Teve restaurante turco, aula de zumba na avenida central da cidade, trabalho em um café quase escondido onde conhecemos pessoas muito queridas, samba de terreiro à beira-mar, almoço em restaurantes locais, e a lista continua. Paraty não só é um lugar apaixonante, como também cheio de possibilidades! Mas enfim, o foco principal aqui foi o nosso último dia. O dia em que a chave virou.
Depois de três dias maravilhosos, inspiradores e extremamente divertidos com mulheres com quem eu já tinha a sensação de uma amizade antiga, decidimos que, no último dia iríamos conhecer uma das cachoeiras mais famosas da região. Naquele domingo acordamos cedo, mas como boas brasileiras, acabamos nos atrasando e perdemos a van. A primeira coisa que eu quero pontuar sobre isso é: às vezes, tem bênção que vem disfarçada de maldição. Em vez de nos lamentarmos ou mudarmos a rota, decidimos esperar até a próxima.

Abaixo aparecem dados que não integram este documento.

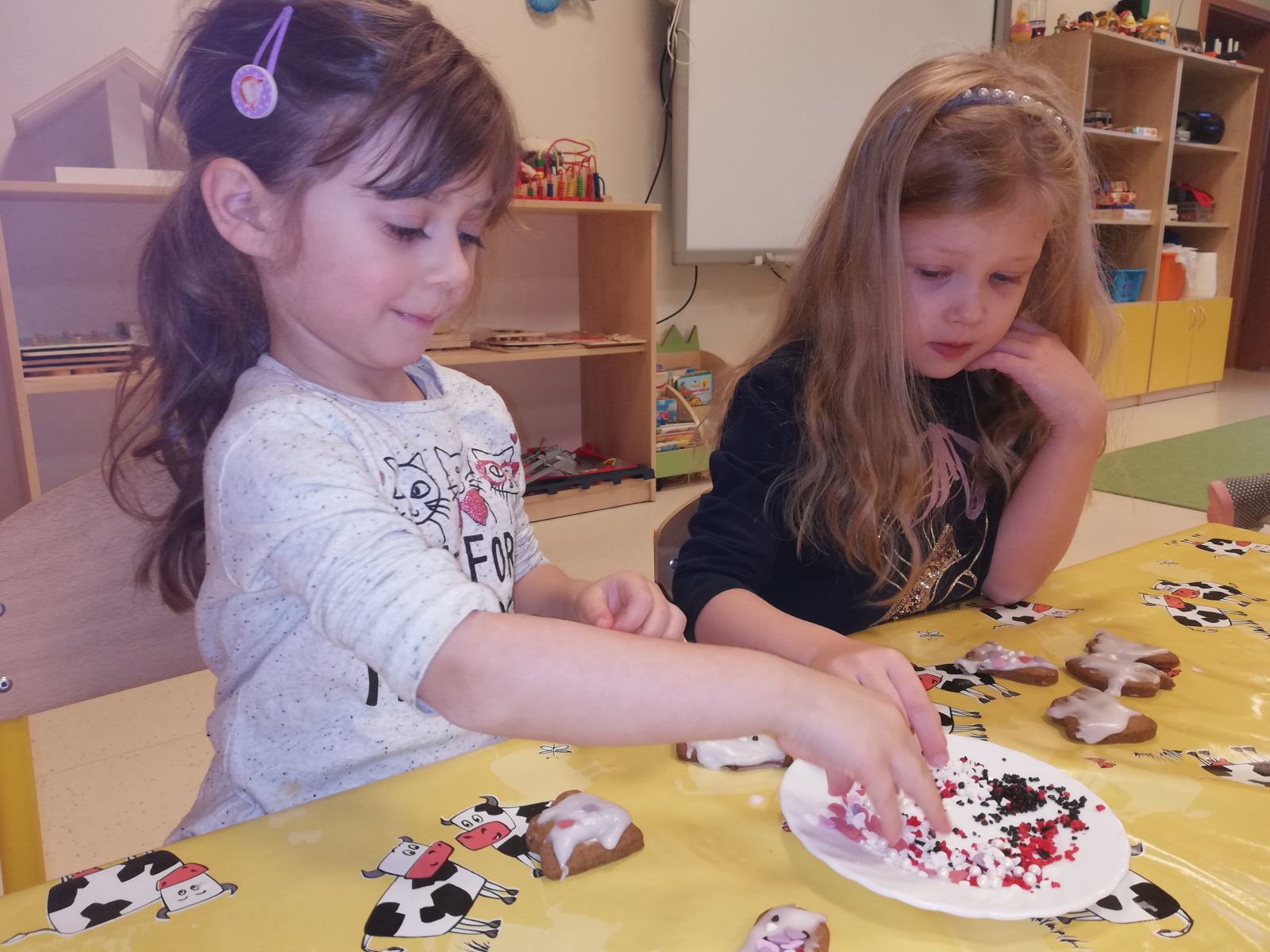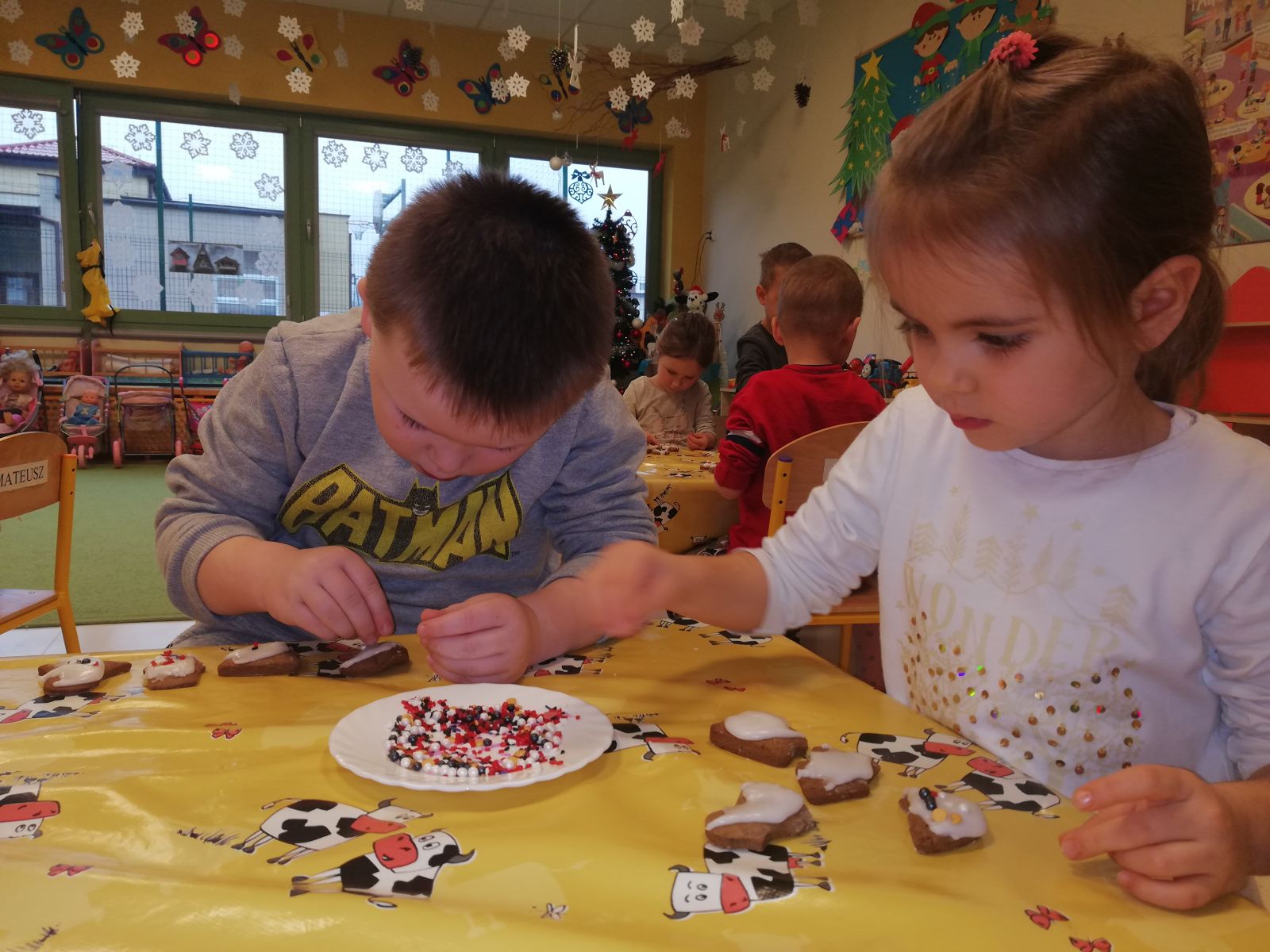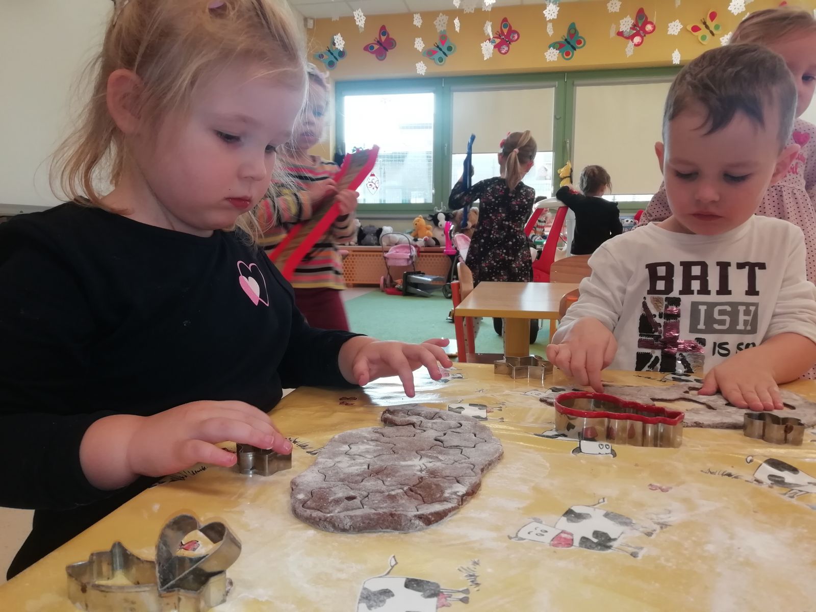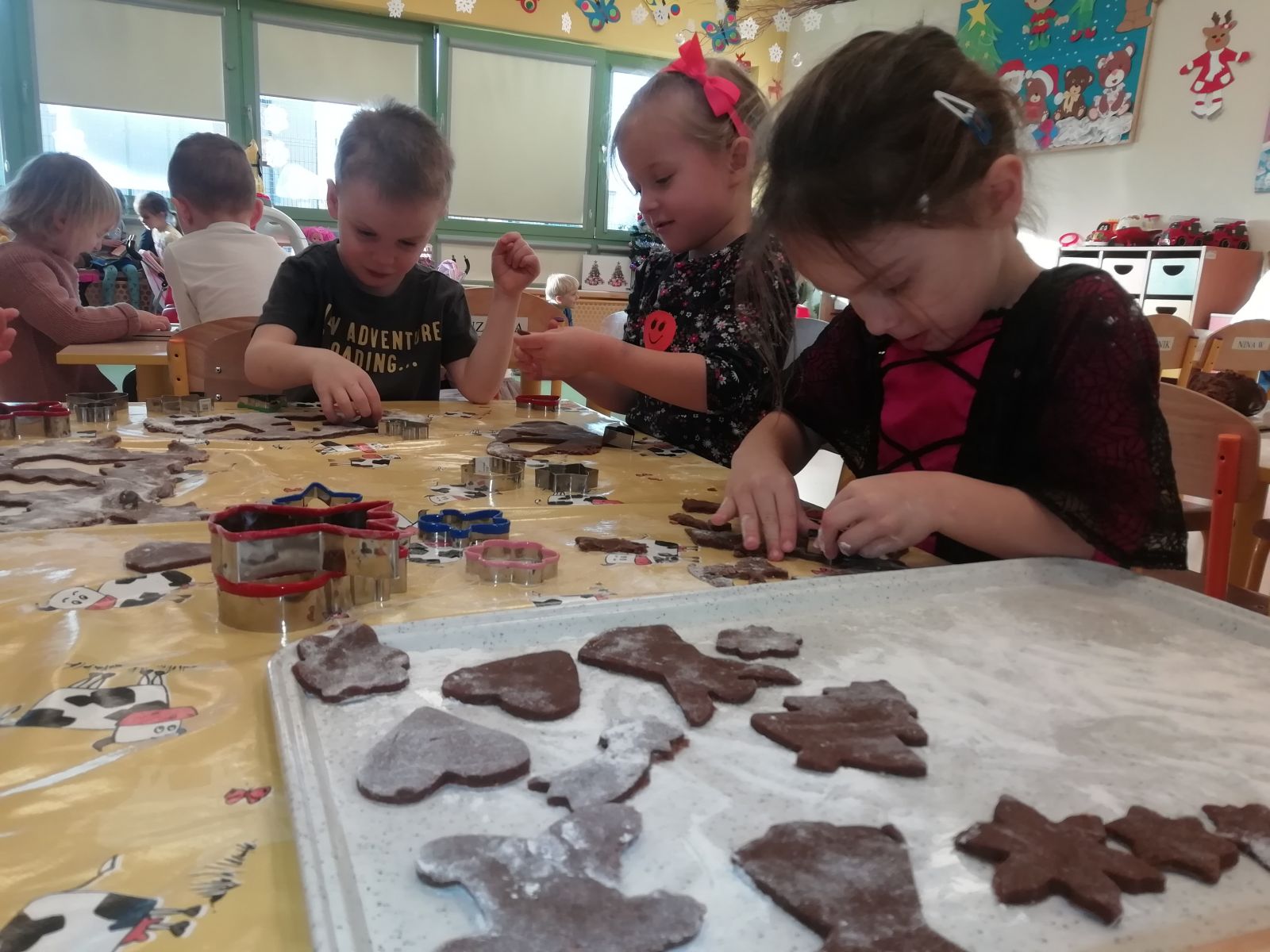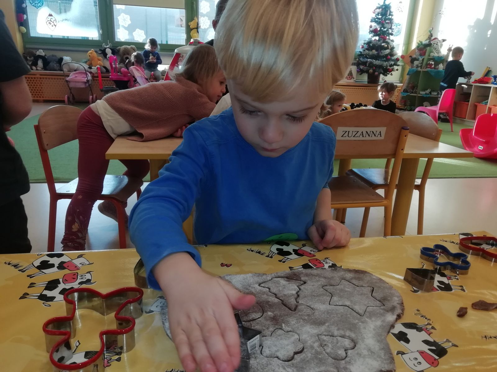 Dnia 11.12.2019r. Motylki ochoczo zabrały się do pieczenia świątecznych pierników. Wyrabiały ciasto, wałkowały i wycinały pierniczki za pomocą foremek. Kolejnego dnia, gdy pierniczki wypiekły się i wystygły zabraliśmy się za ich dekorowanie. To była wspaniała zabawa :) Efekty naszych prac już niebawem ocenią rodzice, którzy na spotkaniu wigilijnym w naszej grupie będą mogli skosztować świątecznych smakołyków.

A área principal do hostel era uma sala com varanda que também se unia à cozinha, ou seja, mesmo que não garantisse muito conforto, definitivamente garantia interação com outros hóspedes. Tomamos nosso café da manhã sem pressa. E a Adriely (que escreve uma das minhas news favoritas por aqui "Para Além da Superfície" -
, inclusive fica a recomendação) se dirigiu à pia despretenciosamente para lavar a louça, até que o voluntário carioca da recepção entrou na fila. Ela fez a gentileza de lavar a louça dele e, como bons brasileiros novamente, assim se iniciou uma conversa. Falamos sobre mil assuntos, mas principalmente sobre viagens, a própria cidade de Paraty e qual era o nosso plano para aquele dia. Segue o plano:- acordar cedo e tomar café da manhã
- pegar a van pra cachoeira
- voltar pra almoçar
- gravar uns conteúdos no hostel
- pegar o ônibus de volta pra SP
A melhor coisa que aconteceu, foi esse plano não ter acontecido. E tudo graças à van que perdemos. Enquanto esperávamos no hostel, depois de muito papo com o brasileiro, um Holandês tocava um ukulele no sofá e decidimos nos juntar, já que a sala era cheia de instrumentos musicais. Foram bons minutos fazendo barulho, muito barulho. Inundando aquele lugar com a energia do batuque brasileiro (ou pelo menos tentamos). Acabamos fazendo amizade com aquele Holandês também, que com certeza adorou nosso batuque (contém um balde de ironia). No final, os meninos decidiram que se juntariam a nós até a cachoeira. Pegamos a próxima van e eles nos encontraram por lá algumas horas depois.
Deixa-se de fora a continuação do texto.